Analysis of Brain States from Multi-Region LFP Time-Series
Kyle R. Ulrich, David E. Carlson, Wenzhao Lian, Jana S. Borg, Kafui Dzirasa, Lawrence Carin
The local field potential (LFP) is a source of information about the broad patterns of brain activity, and the frequencies present in these time-series measurements are often highly correlated between regions. It is believed that these regions may jointly constitute a "brain state," relating to cognition and behavior. An infinite hidden Markov model (iHMM) is proposed to model the evolution of brain states, based on electrophysiological LFP data measured at multiple brain regions.

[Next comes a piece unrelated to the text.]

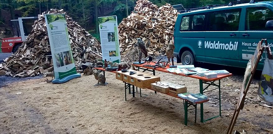 Auch das Waldmobil des Hauses des Waldes ist vor Ort. Ein Ausstellungswagen des Landesjagdverbandes und der Schutzgemeinschaft Deutscher Wald halten Informationsangebote vor. Foto Landkreis Börde

A brain state influences the spectral content of each region in the measured LFP . A new state-dependent tensor factorization is employed across brain regions, and the spectral properties of the LFPs are characterized in terms of Gaussian processes (GPs). The LFPs are modeled as a mixture of GPs, with state-and region-dependent mixture weights, and with the spectral content of the data encoded in GP spectral mixture covariance kernels. The model is able to estimate the number of brain states and the number of mixture components in the mixture of GPs. A new variational Bayesian split-merge algorithm is employed for inference. The model infers state changes as a function of external covariates in two novel elec-trophysiological datasets, using LFP data recorded simultaneously from multiple brain regions in mice; the results are validated and interpreted by subject-matter experts.